The timing of their demonstration was not supported by the school board, however, who voted to allow a walkout at 3:11, the normal dismissal time for students who are not required to attend tutoring.

I went to the 3:11 walkout, too, and I stared at an empty flagpole for 20 minutes before calling it quits.

I did, however, watch someone waltz right in front of a car in motion in an attempt to get into their own faster, and it made me wonder if the decision to coordinate a demonstration at dismissal time, when students would be forced to cross the street, has any wisdom in it.

That’s none of my business, however, and I respect the school board’s dedication to our learning environment–but, if there isn’t any pushback, is it really a protest?

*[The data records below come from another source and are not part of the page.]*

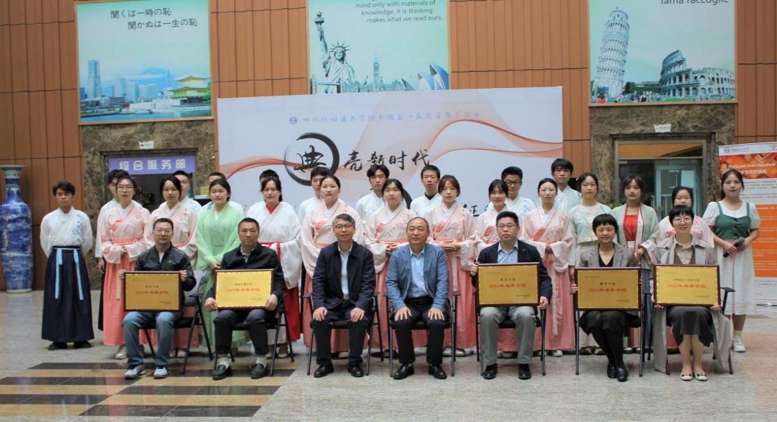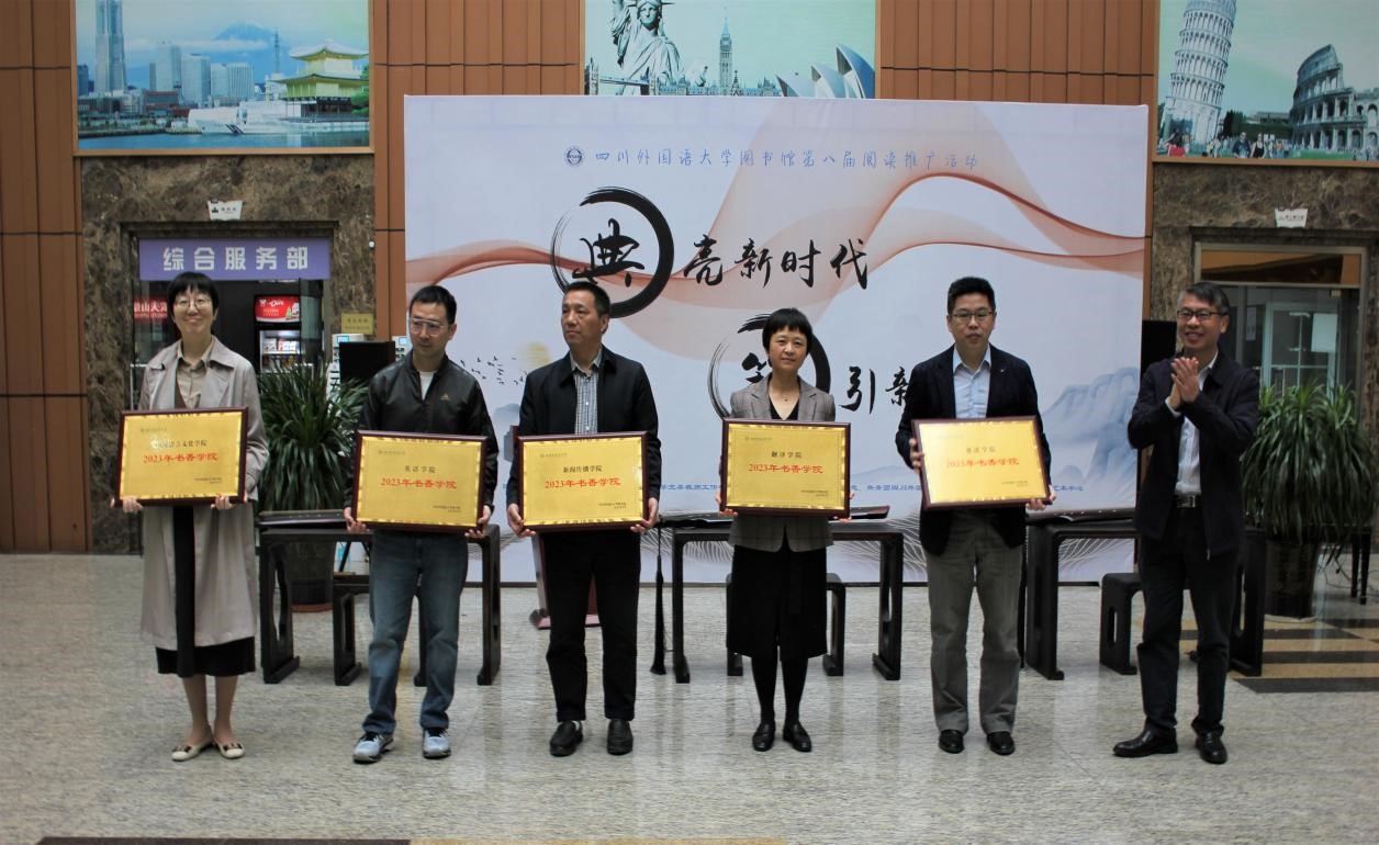 “树立榜样、促进阅读”,是图书馆举办“书香学院”评选活动的宗旨。开幕式现场揭晓了“2022年书香学院”评选结果,分别为中国语言文化学院、英语学院、新闻传播学院、翻译学院和德语学院。卢波教授为“2022年书香学院”颁奖。
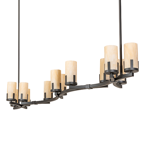 Blending an updated Rustic style with a Gothic revival look, Cero is custom crafted with 12 Sahara Taupe Idalight Cylindres embraced by a curved metal frame that is hand-finished in Charred Iron. The Grandiose, oblong fixture is ideal for illuminating dining areas, conference tables, lobbies, and other residential and commercial spaces. The overall height ranges from 71 to 217 inches as the chain length can be easily adjusted on location to accommodate your specific lighting application needs. The Cero 12 Light Oblong Chandelier is included in our American-made, American-designed, handmade Transitional Lighting Collection and manufactured in Yorkville, New York. UL and cUL listed for dry and damp locations.
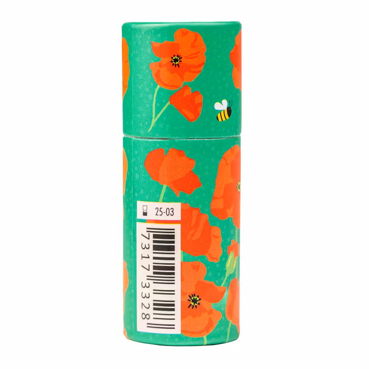 Förpackningen består av miljövänlig hållbar papp i en vacker design med klarröda vallmoblommor – omtyckt av bina och en klassisk gotländsk vy. Ceratet är dubbelt så stort som ett vanligt cerat och appliceras därför enkelt på önskade områden. Varje cerat är tillverkat för hand på Gotland av ett småskaligt familjeföretag med passion för hållbarhet.
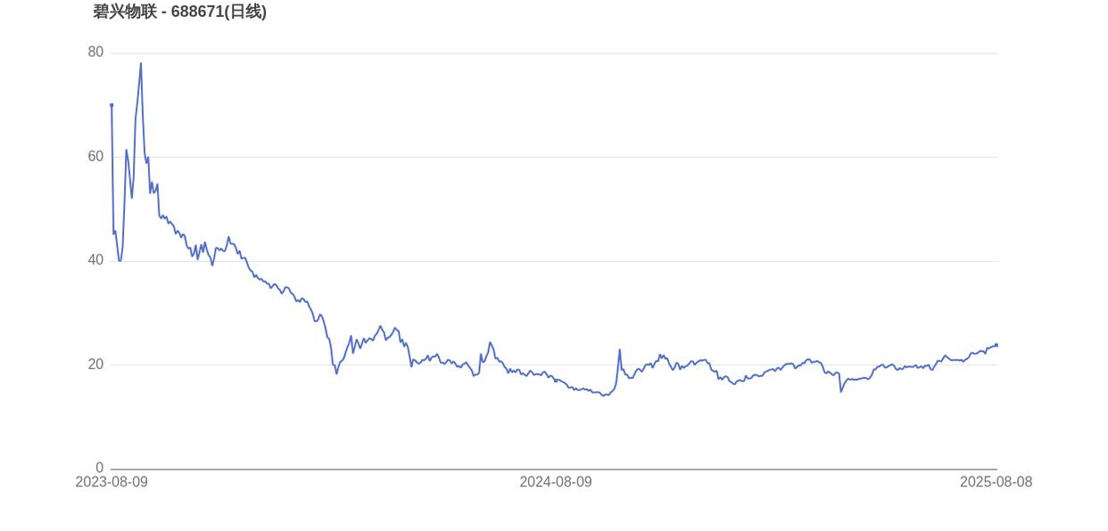 碧兴物联自2023年8月9日上市至今,已迎来2周年。从上市首日收盘价为70.0元、市值54.96亿元,到如今市值达到18.70亿元。
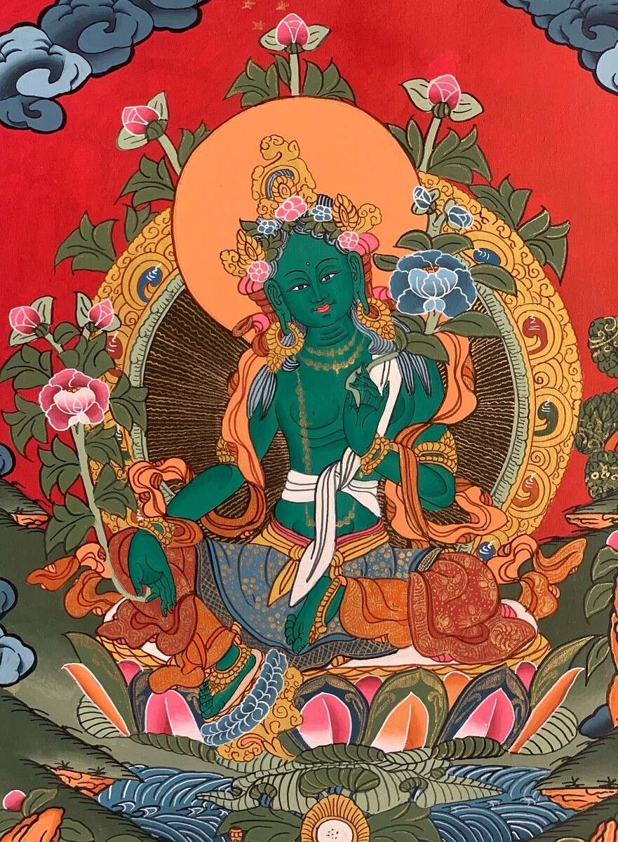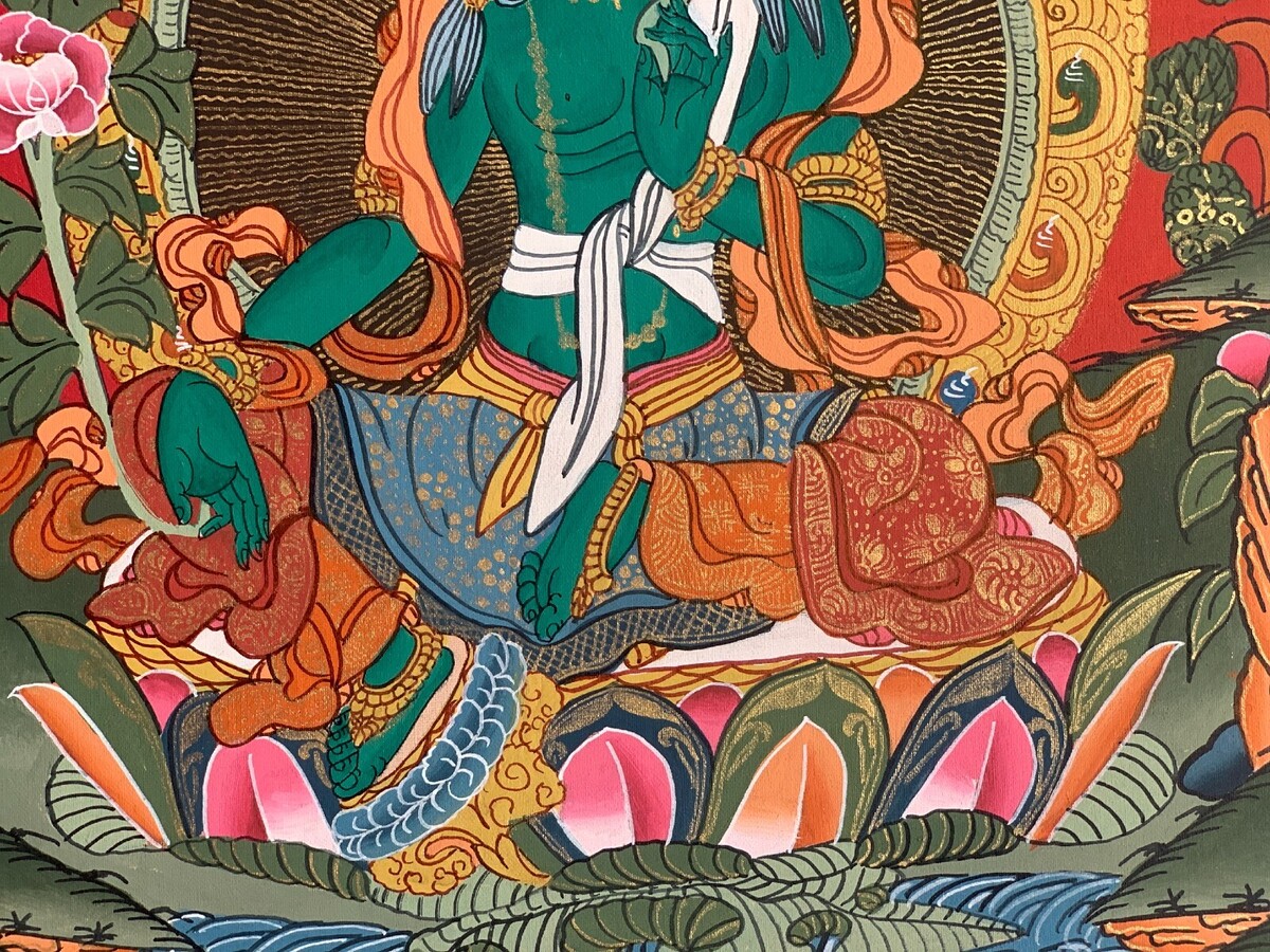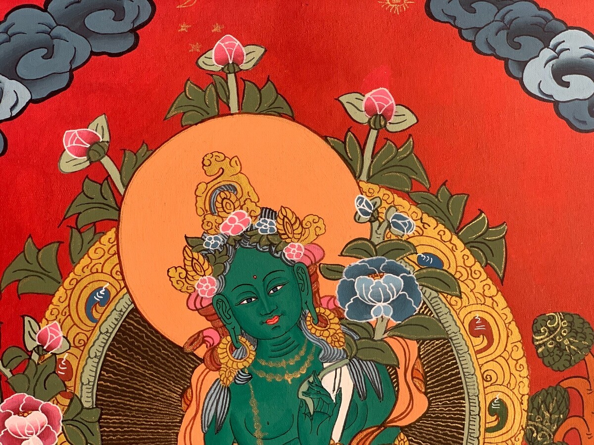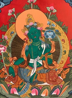 - ORIGINAL HAND PAINTED GREEN TARA MOTHER TIBETAN THANGKA PAINTING WITH SILK FRAME
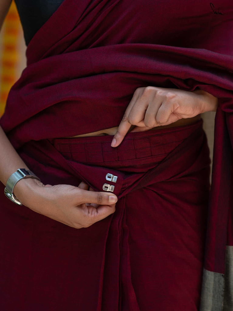 Inspired by the refreshing summer rains, Aruvi is a delicate mul cotton saree in off-white. The green and maroon border adds a splash of color, while matching tassels bring a quirky charm. Designed with built-in lining, pocket, and adjustable loops, Aruvi offers effortless elegance, ready to wear in under 30 seconds, without the need for an underskirt.
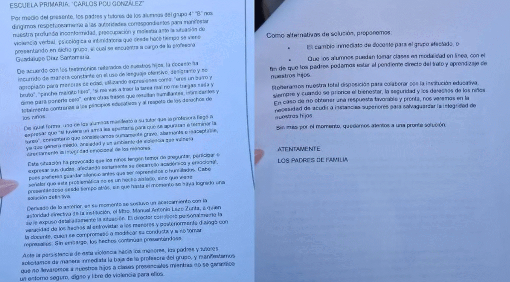 Ante la falta de cambios, los padres se manifestaron, entregaron escritos formales y exigieron la destitución inmediata de la docente. Tras reuniones con personal de la Secretaría de Educación, se firmó una minuta donde se acordó retirarla del grupo, impedir cualquier contacto con estudiantes y designar a una maestra temporal para concluir el ciclo escolar.
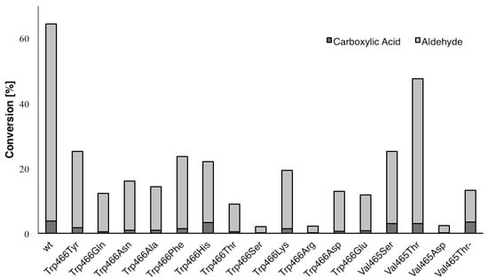 Most variants showed a similar chemo-selectivity for carboxylic acid/aldehyde formation of 1:12 to 1:15 as the wild type. Although Trp466Ser, Trp466Arg, and Val465Asp variants showed enhanced over-oxidation, their overall activity was disappointing (<5%). In contrast, Trp466His and Val465Ser mutants showed 2–3-fold enhanced acid formation by maintaining reasonable overall activities (~25%).

A forty minute detention (that I’m currently writing this in) is nothing in terms of punishment, not when the students of our country are on the line–some schools promised (and followed through with) three day suspensions as punishment for the disruption of class, because to quietly get up and leave the room without a word is horribly disruptive.

Which is, again, none of my business.

What is my business, however, is my safety, the safety of other children, and eventually the safety of my own children in school. The ridiculous back and forth that has forever plagued the two-party system has kept any real change from being made, and I fear that schools will be just as dangerous for the next generation as they are for mine.

I wonder what the turnout would’ve been had students not been threatened with punishment.  Would there have been more protesters, or absolutely no change in numbers? Either way, as the voice of the future it’s important that students feel like they can be heard and learn early on how to effect change in their world; whether it’s wearing orange ribbons, organizing town halls, or participating in peaceful protests. ADM should be proud of the informed citizens it contains.